Deep Learning on Flink aims to integrate Flink and deep learning frameworks (e.g. TensorFlow, PyTorch, etc.) to enable distributed deep learning training and inference on a Flink cluster.
It runs the deep learning tasks inside a Flink operator so that Flink can help establish a distributed environment, manage the resource, read/write the data with the rich connectors in Flink and handle the failures.
Currently, Deep Learning on Flink supports TensorFlow.
Deep Learning on Flink is tested and supported on the following 64-bit systems:
- Ubuntu 18.04
- macOS 10.15
- TensorFlow: 1.15.x & 2.4.x
- PyTorch: 1.11.x
- Flink: 1.14.x
Deep learning on Flink currently works with Tensorflow and PyTorch.
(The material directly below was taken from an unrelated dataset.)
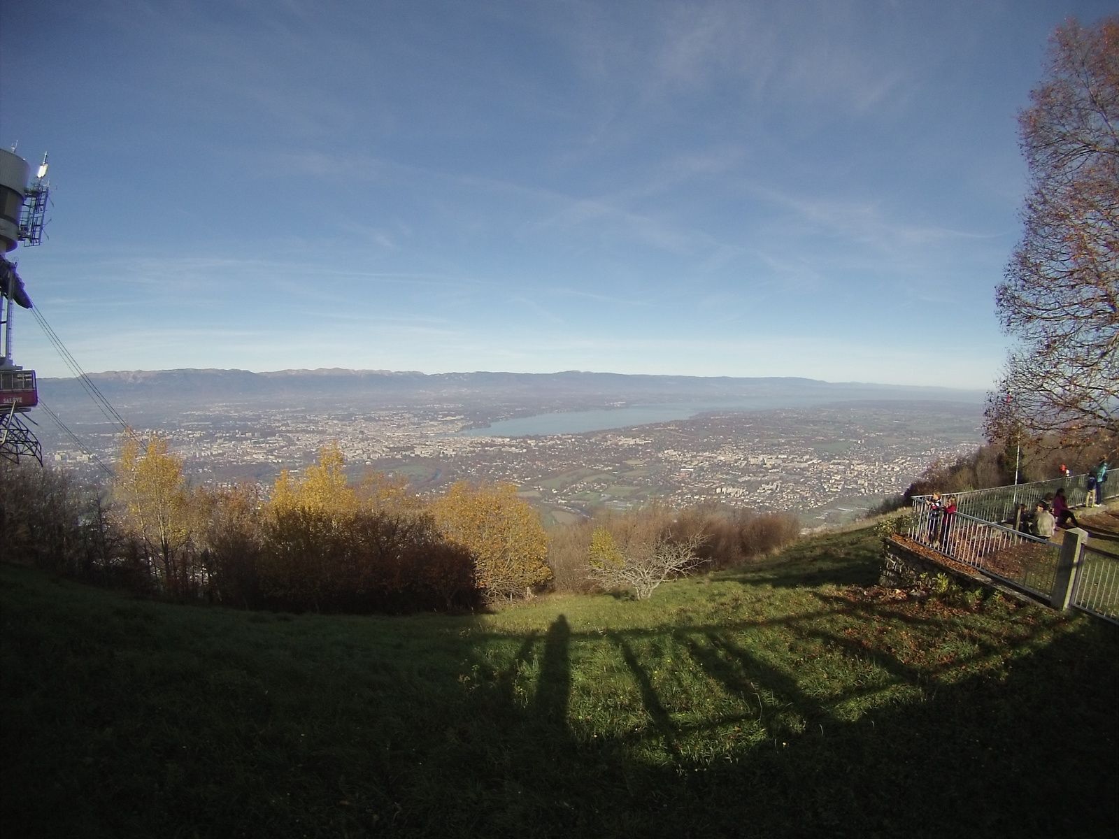 Ces 4 terribles kilomètres derrière moi, je retrouve des pourcentages plus calmes... mais là encore, même 7 ou 7.5%... c'est dur. Enfin, voici l'arrivée téléphérique du Salève, où je me dois de faire une pause pour prendre la photo traditionnelle de Genève en contrebas.

You can see the following pages for the usage and examples.
Requirements
- python: 3.7
- cmake >= 3.6
- java 1.8
- maven >=3.3.0
Deep Learning on Flink requires Java and Python works together. Thus, we need to build for both Java and Python.
Please use the following command to initialize submodules before building from source.
git submodule update --init --recursive
mvn -DskipTests clean install
After finish, you can find the target distribution in the dl-on-flink-dist/target
folder.
You can run the following commands to install the Python packages from source
# Install dl-on-flink-framework first
pip install dl-on-flink-framework/python
# Note that you should only install one of the following as they require
# different versions of Tensorflow
# For tensorflow 1.15.x
pip install dl-on-flink-tensorflow/python
# For tensorflow 2.4.x
pip install dl-on-flink-tensorflow-2.x/python
We provide a script to build wheels for Python packages, you can run the following command.
bash tools/build_wheel.sh
After finish, you can find the wheels at tools/dist
. Then you can install the
python package with the wheels.
pip install tools/dist/<wheel>